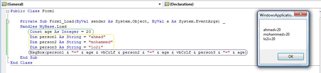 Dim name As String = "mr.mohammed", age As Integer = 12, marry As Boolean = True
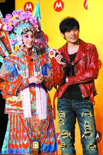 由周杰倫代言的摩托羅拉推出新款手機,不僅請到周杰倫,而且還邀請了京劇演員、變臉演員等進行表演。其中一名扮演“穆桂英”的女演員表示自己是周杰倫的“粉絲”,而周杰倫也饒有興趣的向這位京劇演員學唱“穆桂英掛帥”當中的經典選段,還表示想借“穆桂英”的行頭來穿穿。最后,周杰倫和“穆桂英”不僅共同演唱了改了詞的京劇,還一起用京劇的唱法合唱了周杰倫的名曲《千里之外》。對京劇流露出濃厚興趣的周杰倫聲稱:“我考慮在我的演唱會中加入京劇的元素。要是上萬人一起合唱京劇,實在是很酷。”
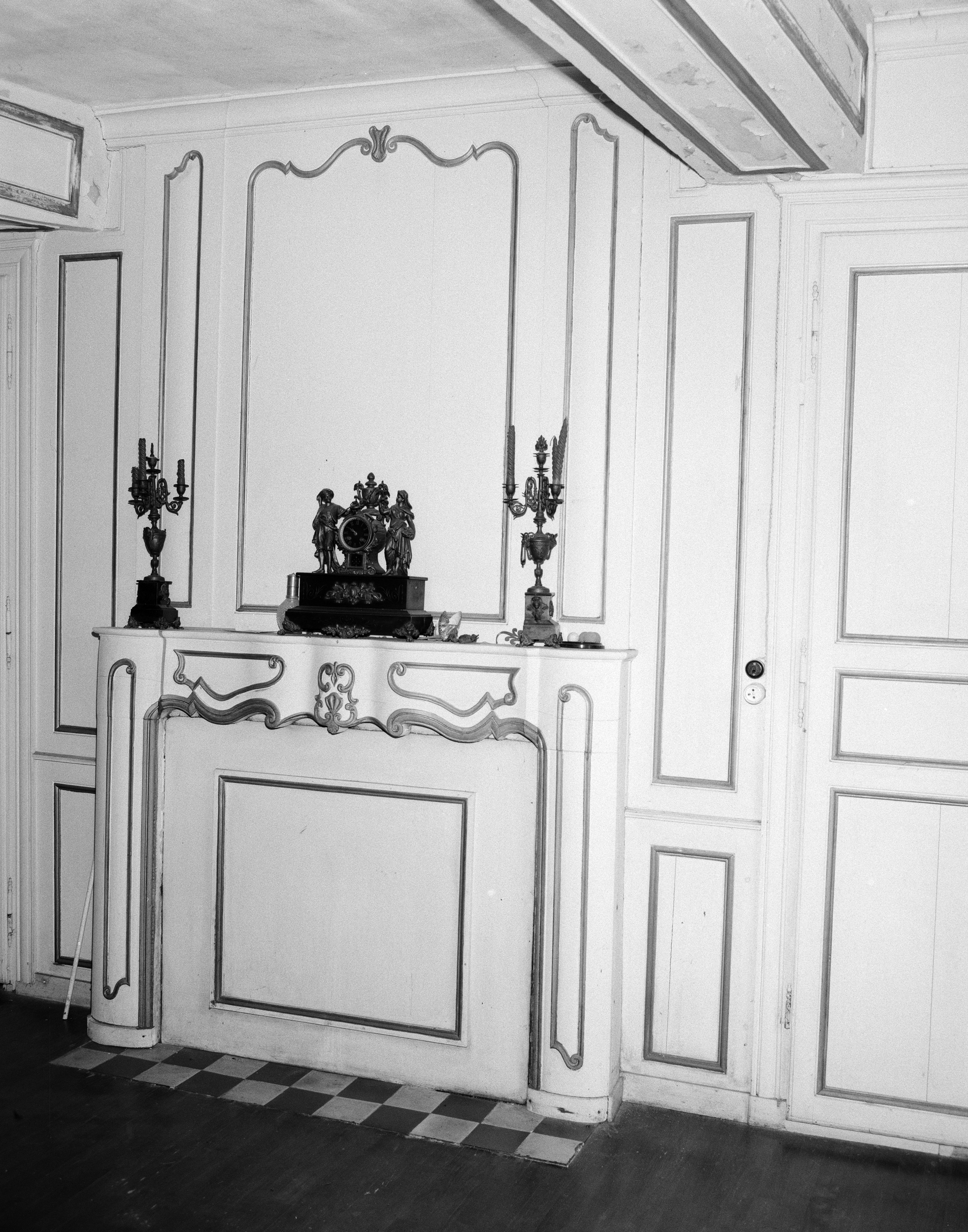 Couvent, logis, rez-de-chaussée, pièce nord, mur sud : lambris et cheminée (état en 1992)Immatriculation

__________________________________________________

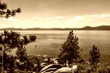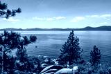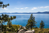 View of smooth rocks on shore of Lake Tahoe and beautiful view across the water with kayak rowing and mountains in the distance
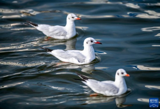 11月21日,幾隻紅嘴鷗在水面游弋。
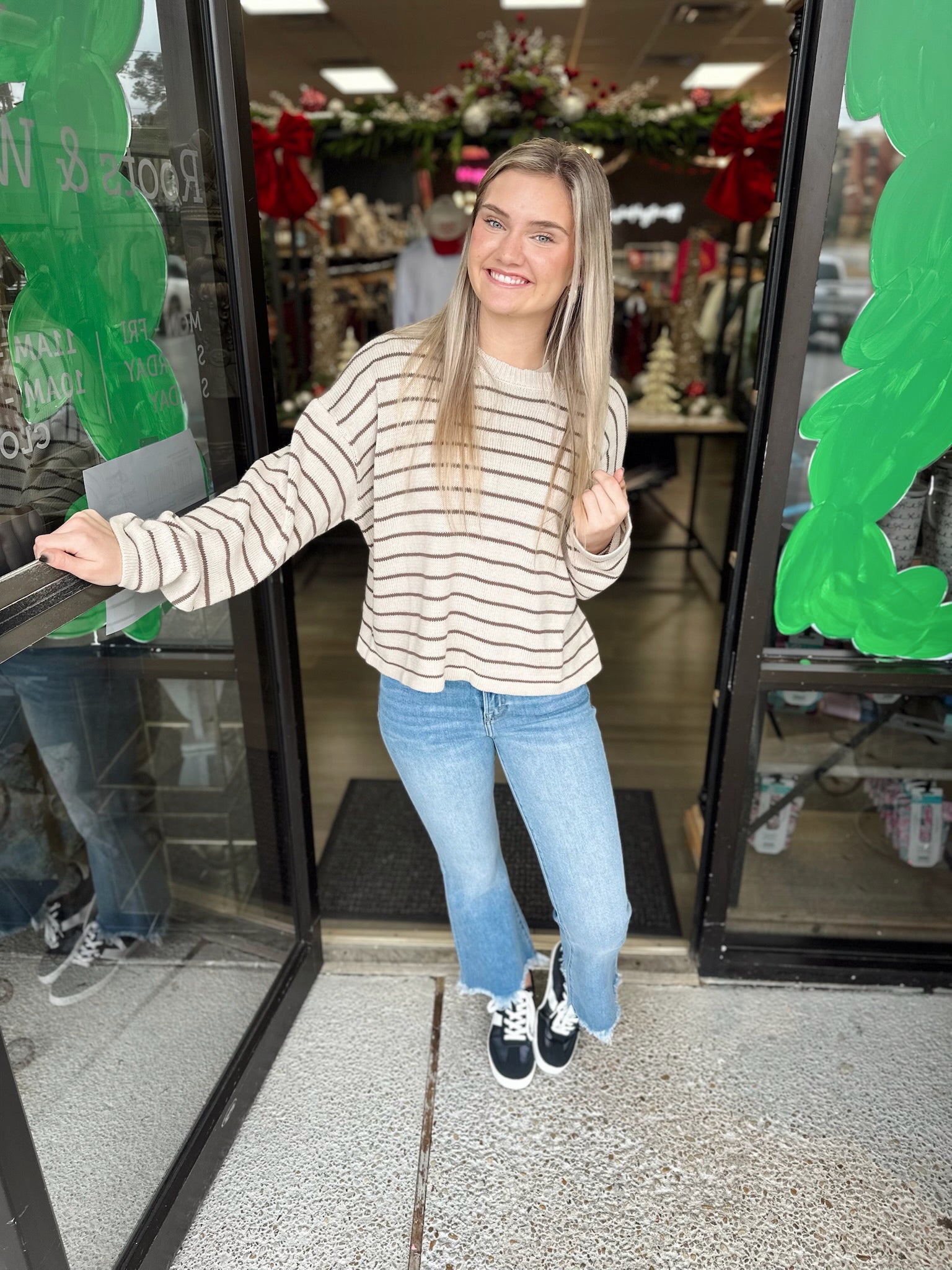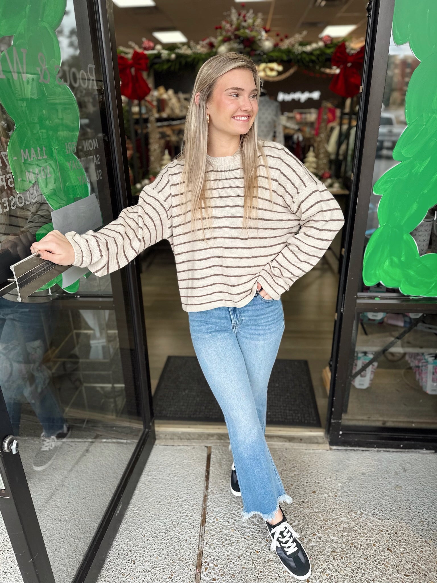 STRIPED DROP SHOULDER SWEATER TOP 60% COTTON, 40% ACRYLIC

__________________________________________________

- Exercise objective:
Look above for the line with "Dim name As" and the line with "Couvent, logis, rez-de-chaussée, pièce". Output those two and everything between them exactly, pictures excluded.

- Answer to this problem:
 Dim name As String = "mr.mohammed", age As Integer = 12, marry As Boolean = True
 由周杰倫代言的摩托羅拉推出新款手機,不僅請到周杰倫,而且還邀請了京劇演員、變臉演員等進行表演。其中一名扮演“穆桂英”的女演員表示自己是周杰倫的“粉絲”,而周杰倫也饒有興趣的向這位京劇演員學唱“穆桂英掛帥”當中的經典選段,還表示想借“穆桂英”的行頭來穿穿。最后,周杰倫和“穆桂英”不僅共同演唱了改了詞的京劇,還一起用京劇的唱法合唱了周杰倫的名曲《千里之外》。對京劇流露出濃厚興趣的周杰倫聲稱:“我考慮在我的演唱會中加入京劇的元素。要是上萬人一起合唱京劇,實在是很酷。”
 Couvent, logis, rez-de-chaussée, pièce nord, mur sud : lambris et cheminée (état en 1992)Immatriculation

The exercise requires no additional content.